- Sun Feb 04, 2024 1:55 am
#61993
Meanwhile this has caused much annoyance online
https://www.theguardian.com/politics/20 ... um=twitter
https://www.theguardian.com/politics/20 ... um=twitter
The party intends to have both documents ready by mid-March, in case Rishi Sunak calls an early spring poll.
The Observer understands that as well as backing away from its £28bn a year commitment on green investment (while sticking to the overall drive to achieve clean energy by 2030), Labour will not seek to legislate on the creation of a new national care service in its first king’s speech.
Instead, it will focus on a fair pay agreement for care workers as well as issues of recruitment and retention, as part of a wider workers’ rights bill.
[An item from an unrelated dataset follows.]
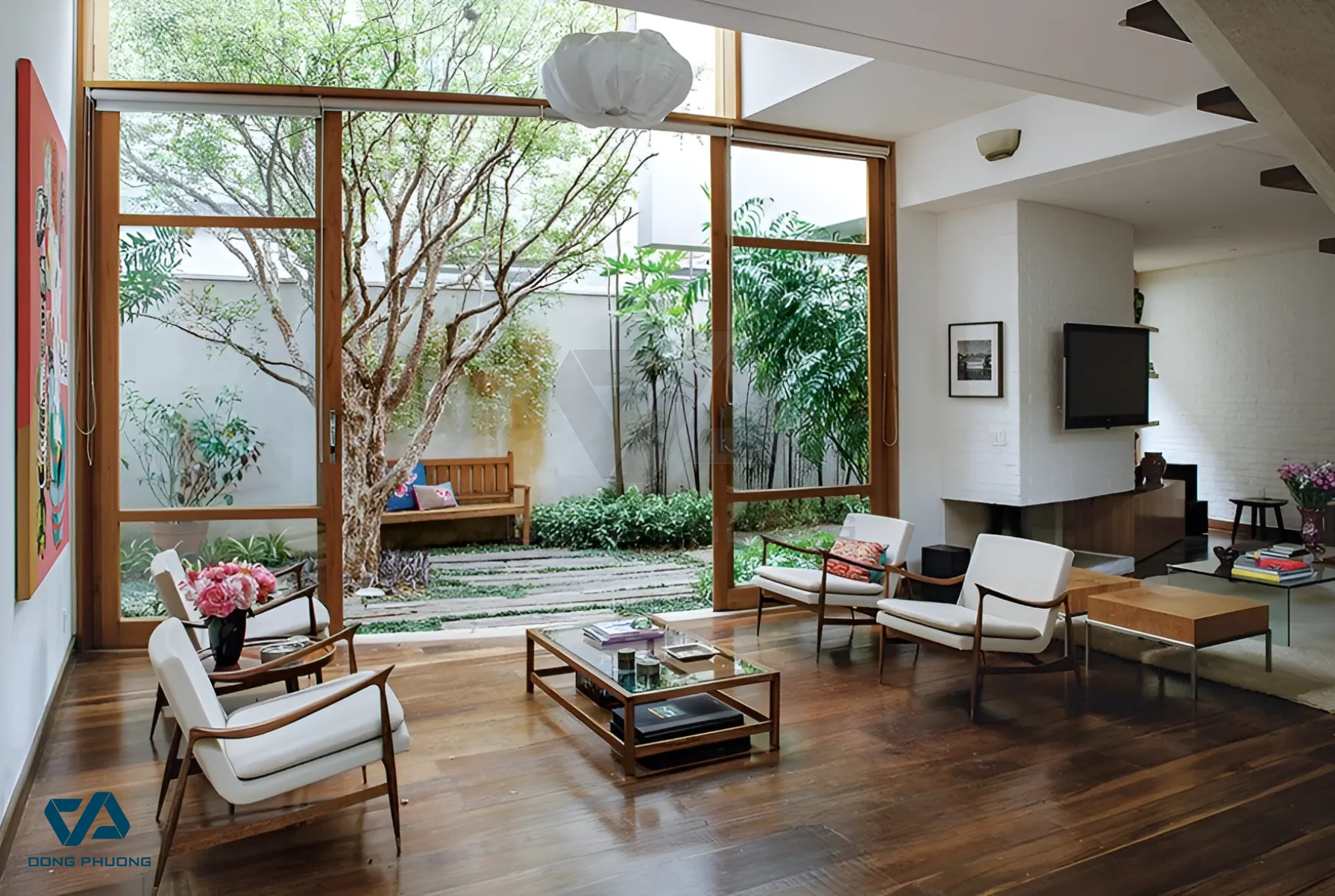 - Tăng tính thẩm mỹ: cửa như một “khung tranh khổng lồ”, biến cảnh quan thành điểm nhấn nội thất.

Its plans for a complete overhaul of social care will, however, be presented as a longer-term mission taking at least 10 years and two parliaments.
In addition, despite Keir Starmer’s previous promises to abolish the Lords in a first term, it is expected to commit only to limited changes. This is likely to mean legislating only for the abolition of the remaining 91 hereditary peers.
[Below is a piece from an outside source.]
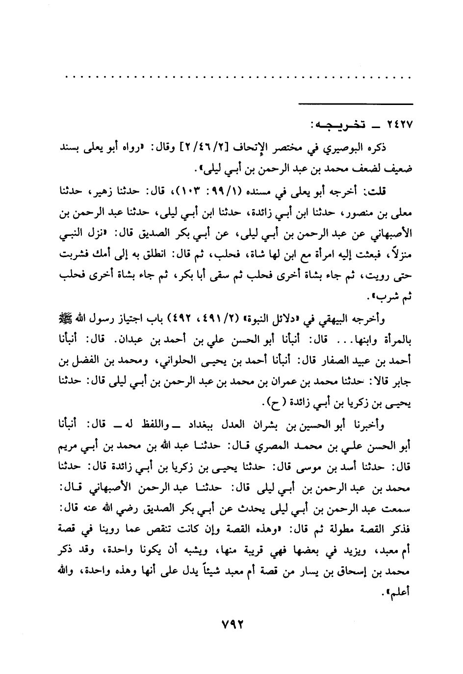 وأخبرنا أبو الحسين بن بشران العدل ببغداد -واللفظ له- قال: أنبأنا أبو الحسن علي بن محمَّد المصري قال: حدّثنا عبد الله بن محمَّد بن أبي مريم قال: حدّثنا أسد بن موسى قال: حدّثنا يحيي بن زكريا ابن أبي زائدة قال: حدّثنا مُحَمَّدُ بْنُ عَبْدِ الرَّحْمَنِ بْنِ أَبِي لِيَلَى قال: حدّثنا عبد الرحمن الأصبهاني قال: سمعت عبد الرحمن بن أبي ليلى يُحَدِّثُ عَنْ أَبِي بَكْرٍ الصِّدِّيقِ رَضِيَ اللَّهُ عَنْهُ قال: فذكر القصة مطولة ثم قال: "وهذه القصة وإن كانت تنقص عما روينا في قصة أم معبد، ويزيد في بعضها فهي قريبة منها، ويشبه أن يكونا واحدة، وقد ذكر محمَّد بن إسحاق بن يسار من قصة أم معبد شيئًا يدل على أنها وهذه واحدة، والله أعلم". =

Labour’s cautious approach – which is frustrating some MPs and party members – is partly the result of uncertainty about the economic situation it will inherit and what can be afforded.
But shadow ministers are also determined to offer as small a target as possible to the Tories on issues such as social care, which in the past have turned election campaigns upside down. In 2010, Labour’s care plans were branded a “death tax” by the Conservatives, and hit the party’s vote badly, while in 2017 Theresa May’s campaign suffered irreparable damage amid accusations she was planning a “dementia tax”.